Let there be a positive integer $p$ such that

$(2017+p)^2 = (2017+x)(2017+y)$

Simple rearrangement of terms will give us

$4034p + p^2 = 2017(x+y) + xy$

$p^2 - xy = 2017(x+y-2p) \:\:\: \text{eq. 1}$

Now we know that the expression $2017 | p^2 - xy$ , or that $p^2 - xy = 2017k$ for some integer $k$ .

And $k$ here is

$k= x+y - 2p$

so $p = \frac{x+y-k}{2}$

Now, we want to make sure that $x$ and $y$ are different, so let us express $y$ in terms of $x$ and some other number $q$ , such that $y = x+q$ .

Substituting $y$ onto $p$ yields us

$p= x + \frac{q-k}{2}$

And substituting this to $\:eq. 1$ , we get

$( x + \frac{q-k}{2})^2 = 2017k + x(x+q)$

$(\frac{q-k}{2})^2 = k(2017+x)$

We can now proceed in finding the minimum $x$ and $q$ , and finding $y$ will easily come next.

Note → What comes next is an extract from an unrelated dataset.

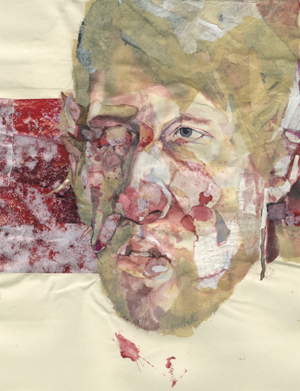 I would be false if I said that I had a definitive vision to communicate. I use drawing the way one might use a shovel to turn over the earth--I draw to burrow under the surface of things. I use what I know about rendering portraits in order to learn more about them. At this moment, the line between power and vulnerablity and between abuse of power and victimization is a fluid one for me. The same is true of self and other. I observe one stance, one orientation, and immediately see its underside. Lately I have observed a new and more physical effect of power on and in the body itself, often disfiguring, never static, always human. I use collage and water color. Collage allows me to work with existing surfaces as I create my own. Both collage and water color express a mutability that suggests transience and change.

For an integer $q$ it will be fairly easy to note that the minimum will be achieved when

$\frac{q-k}{2} = \lceil \sqrt{2017k} \rceil$

and that gives us $q$ in terms of $k$ as

$q = 2 \lceil \sqrt{2017k} \rceil +k$

And then $x$ will just follow.

$x = \frac{1}{k}(\frac{q-k}{2})^2 - 2017$

Of course, so should $y$ , as $y= x + q$ .

We now investigate the values of $x$ and $y$ for increasing $k$ .

$\begin{array}{|c|c|c|c|} \hline \ \ k\ \ &\ \ q\ \ &\ \ x\ \ &\ \ y\ \ \\ \hline \hline \ \ 1\ \ &\ \ 91\ \ &\ \ 8\ \ &\ \ 99\ \ \\ \hline \ \ 2\ \ &\ \ 130\ \ &\ \ 31\ \ &\ \ 161\ \ \\ \hline \ \ 3\ \ &\ \ 159\ \ &\ \ 11\ \ &\ \ 170\ \ \\ \hline \ \ 4\ \ &\ \ 184\ \ &\ \ 8\ \ &\ \ 192\ \ \\ \hline \ \ 5\ \ &\ \ 207\ \ &\ \ 23\ \ &\ \ 230\ \ \\ \hline \end{array}$

We see now that $q$ increases with $k$ , so the minimum $q$ , $x$ and $y$ occurs when $k=1$ , such that $x+y = \boxed{107}$ .

( $2017+x)(2017+y)$ = $45^2$ . $46^2$ ,

So that $x=8,y=99$ .

So $x+y$ = 107.